Wednesday, April 16, 2008

Businessman indicted in fatal shooting

A Gainesville businessman accused of fatally shooting an employee in a dispute over payment was indicted for first-degree murder Monday, according to the State Attorney's Office.

In addition to the murder indictment, an Alachua County Grand Jury indicted Corey B. Pryor for possession of a firearm by a convicted felon, possession of a firearm by a violent career criminal and five counts of tampering with evidence, according to State Attorney Bill Cervone.

The murder charge could carry the death penalty or life imprisonment, depending on how the State Attorney's Office moves forward."I have not made a decision on that yet. It is under consideration," Cervone said of seeking the death penalty.

Pryor, 38, shot and killed Vearl Ingram, 51, on March 18 during an argument with Ingram, according to a Gainesville Police Department report. Ingram was an employee at Corey's Tree Service and Stump Removal, which was operated by Pryor.

Pryor held a semi-automatic handgun in the parking lot of Madison Pointe Apartments, 2701 NW 23rd Blvd., and ordered Ingram to get on the ground, according to police. Ingram threw a beer bottle at Pryor, and the two struggled over the gun before Pryor discharged the firearm three to five times, police say.

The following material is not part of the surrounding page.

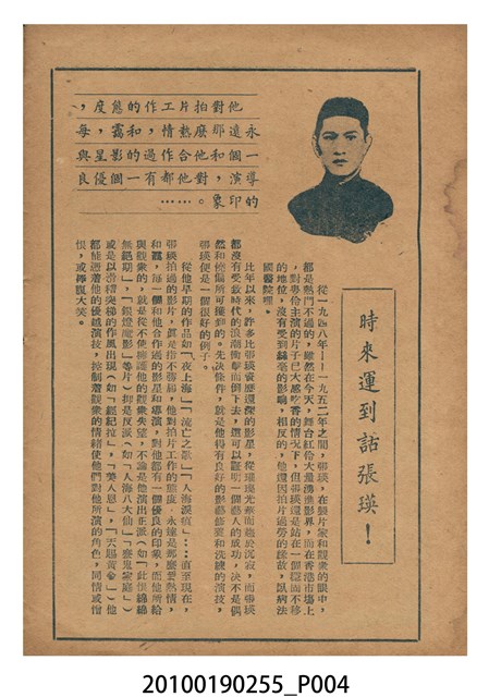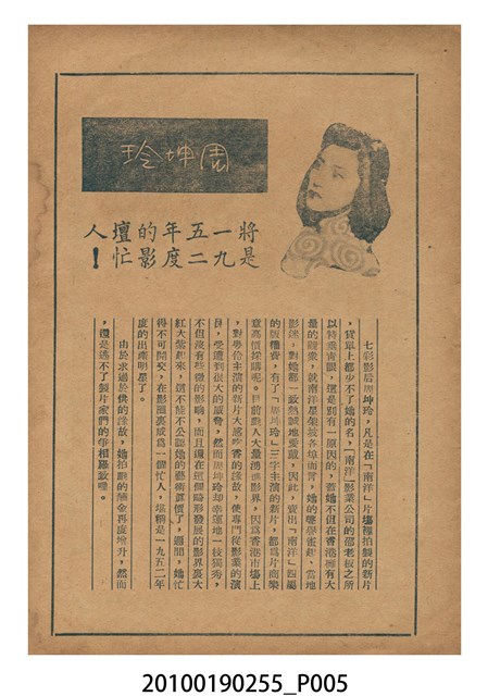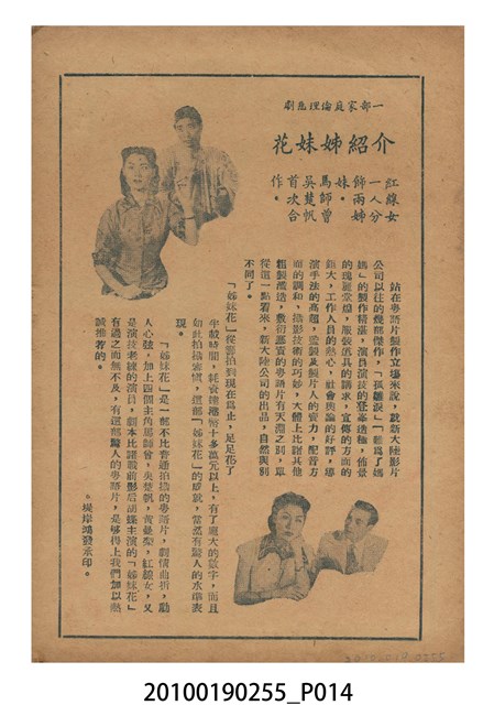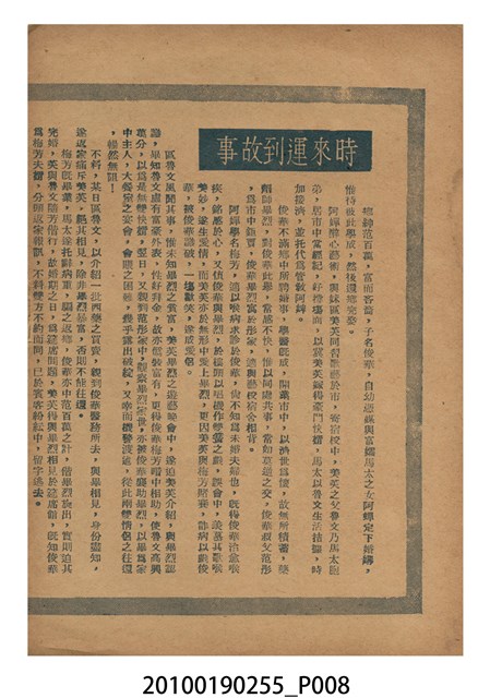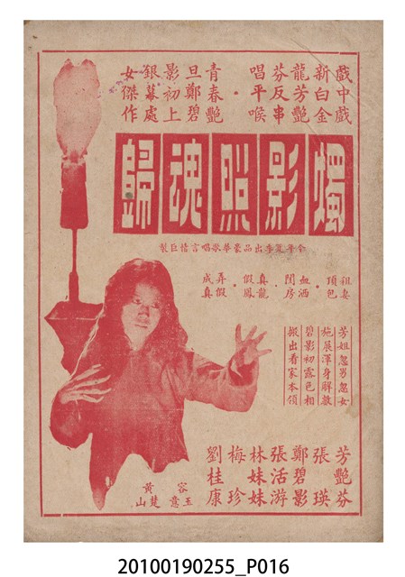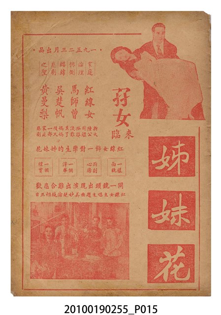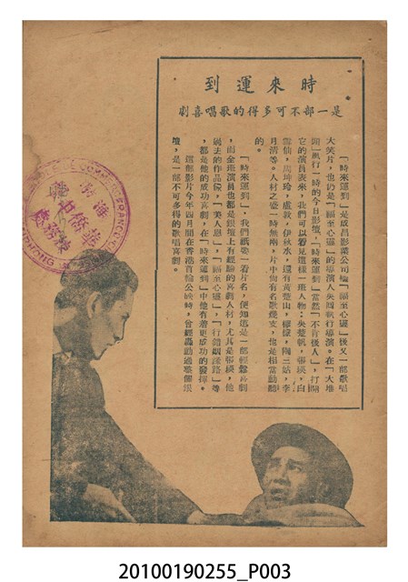 1. 香港粵語片《時來運到》等片宣傳小冊,封面由劇照和彩色插圖構成,並標明「時來運到」、「越華影業公司映權」等字樣,封底則為《燭影照魂歸》(1952)的全版廣告,內頁包括《時來運到》的影片介紹、演員張瑛、周坤玲、白雪仙、吳楚帆、盧敦、伊秋水等的介紹、演員表與曲詞、故事內容,以及《此恨綿綿無絕期》(1948)、《姊妹花》(1952)的全版電影廣告。2. 《時來運到》為1952年由香港成昌影業公司出品,吳回導演,吳楚帆、張瑛、盧敦、白雪仙、周坤玲、伊秋水等人主演的時裝香港粵語片,描述城中醫生范俊華,父親百萬雖富甲一方卻吝嗇成性,常催俊華回鄉迎娶素未謀面的未婚妻馬梅芳。馬梅芳到了城中修讀藝術,她的表妹區美英父親常希望女兒嫁得金龜婿,經過一系列騙婚與逃婚計謀,范家、馬家終得悉大家都是李代桃僵,幸最終得締結良緣。

"The victim fell to the ground, bleeding profusely near the storm sewer grate, in the parking lot," a witness told the police two days after the incident.

The witness, 19-year-old Eric Woliver, talked to police two days after Ingram's killing, police said. He told police that he was initially fearful about coming forward, and did so only after he spoke with family, friends and attorneys.

At the time of the murder, Pryor was on state parole after being released from prison in April 2006 following a 1998 sentence on charges including aggravated assault, according to the Florida Department of Corrections. He has a prior criminal history of 33 felony charges and 10 felony convictions, according to police.

Bruce Randal Davis, 43, is also charged in connection with the murder. Davis, who is charged as an accessory after the fact and tampering with evidence, helped Pryor move Ingram's body to a swampy isolated hunting camp in Levy County in order to conceal the body, Cervone said. Davis was an employee at the company.

After the killing, Davis went to the 2200 block of NW 9th Place, where the victim was hidden in a yard under some bushes, according to police. He helped Pryor place the victim on a tarp and transfer the body into the van, then drove with Pryor to Levy County between Bronson Creek and Otter Creek, police said.

"Davis said he believed the body would be dismembered by wild animals before it was discovered," a police report states.

To further conceal the evidence, Pryor removed Ingram's belt and shoes, police say. He threw them out of the window of the van as the two returned to Gainesville, the report states.

Davis, who was stopped by police while driving Pryor's truck, initially used to hide the body, toward Ocala National Forest, had been instructed by Pryor to burn the truck, Davis told police according to a report. After he was stopped by police, Davis led them to the body. Davis also gave police the man's wallet and bloody shirt that Davis said Pryor had asked him to get rid of, police say.

Pryor is being held without bond in Alachua County jail, and Davis is also in jail on a $50,000 bond.